As I explained yesterday, this argument assumes that lenders are irrational and ignores the fact that less borrowing by the United States will reduce the demand for credit and thus lower the price of credit, namely, interest rates. Imagine, for instance, that the rating agencies downgraded US debt to a CCC+ rating, driving rates on Treasury Bonds to 25 percent. Would lenders really charge individuals and businesses with AAA credit ratings MORE than 25 percent? Of course not, and lenders who tried such an approach would quickly lose business to those who charged rates that reflected the creditworthiness of individual borrowers.
However, it appears that reason is starting to prevail at CNN Money. Earlier today Chris Isidore weighed in on the question, in this article.

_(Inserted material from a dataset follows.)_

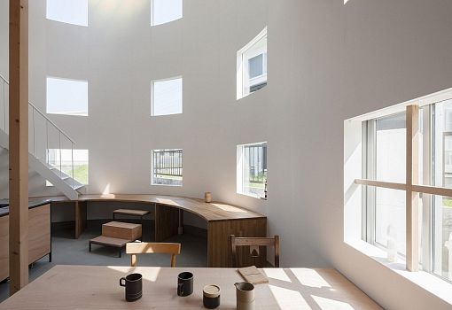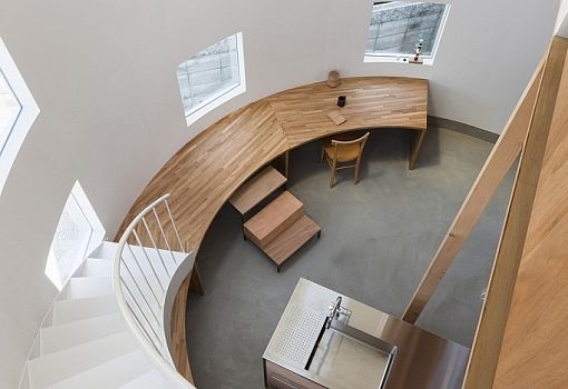 Дом в Хиконе (Япония) от архитекторов Tato Architects стал отличным дополнением городских пространств. В общем виде сооружение представляет собой объем с 42 окнами, при этом предназначается двухэтажное жилище для одной молодой пары. Помимо неординарного архитектурного решения авторы использовали определенные новации в интерьере. Так, стол трансформируется в лестницу: деревянная конструкция высотой 75 см опоясывает полукруглую стену и плавно переходит в винтовую лестницу.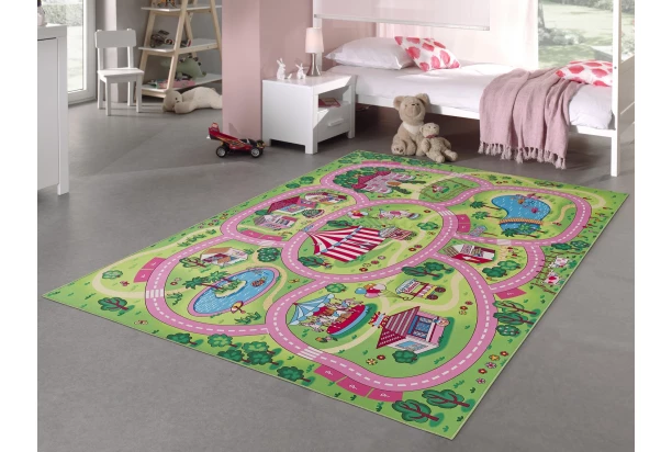 Detský koberec na hranie o rozmere 140×200 cm zaujme nápaditým a kúzelným dizajnom. Obľúbia si ho hlavne dievčatá, pretože koberec je ladený do ružovej farby. Tento detský koberec je ideálny pre všetkých fanúšikov áut a poskytuje fantastický hrací povrch, na ktorom deti môžu so svojimi autíčkami preskúmavať ulice vedúce medzi hradom, cirkusovým stanom, obchodmi a kolotočom. Vaše deti sa zabavia na dlhé hodiny, a preto je tento koberec skvelý doplnok do detskej izby.

Among other things, Isidore explains that failure to raise the debt ceiling could actually lower the interest rates on US Debt because less borrowing by the United States would reduce the supply of bonds, raise their price, and thus lower rates. (This is simply the flip side of the argument that less borrowing by the United States means less demand for credit and thus lower interest rates.) Isidore also argues that uncertainty created by the deadlock over the debt will actually cause investors to flock to Treasury Bonds, particularly insofar as the government will continue to raise sufficient revenue to pay the interest and principal on the debt, because such bonds are perceived as a sure bet. Finally, Isidore offers some modest evidence to support his argument, pointing out that the most recent auction of 7 year treasury notes produced a yield of 2.25 percent, the lowest on such notes since November. Of course, there are various determinants of such rates; low rates may simply signal that investors believe the economy and thus the demand for credit is weak. Still, such low yields seem inconsistent with an assertion that failure to break the debt ceiling deadlock by August 2 will produce an economic cataclysm.
Perhaps those who claim that the rate on US Debt is the benchmark for rates on private credit will now argue that the debt ceiling deadlock will REDUCE rates for private borrowing!!!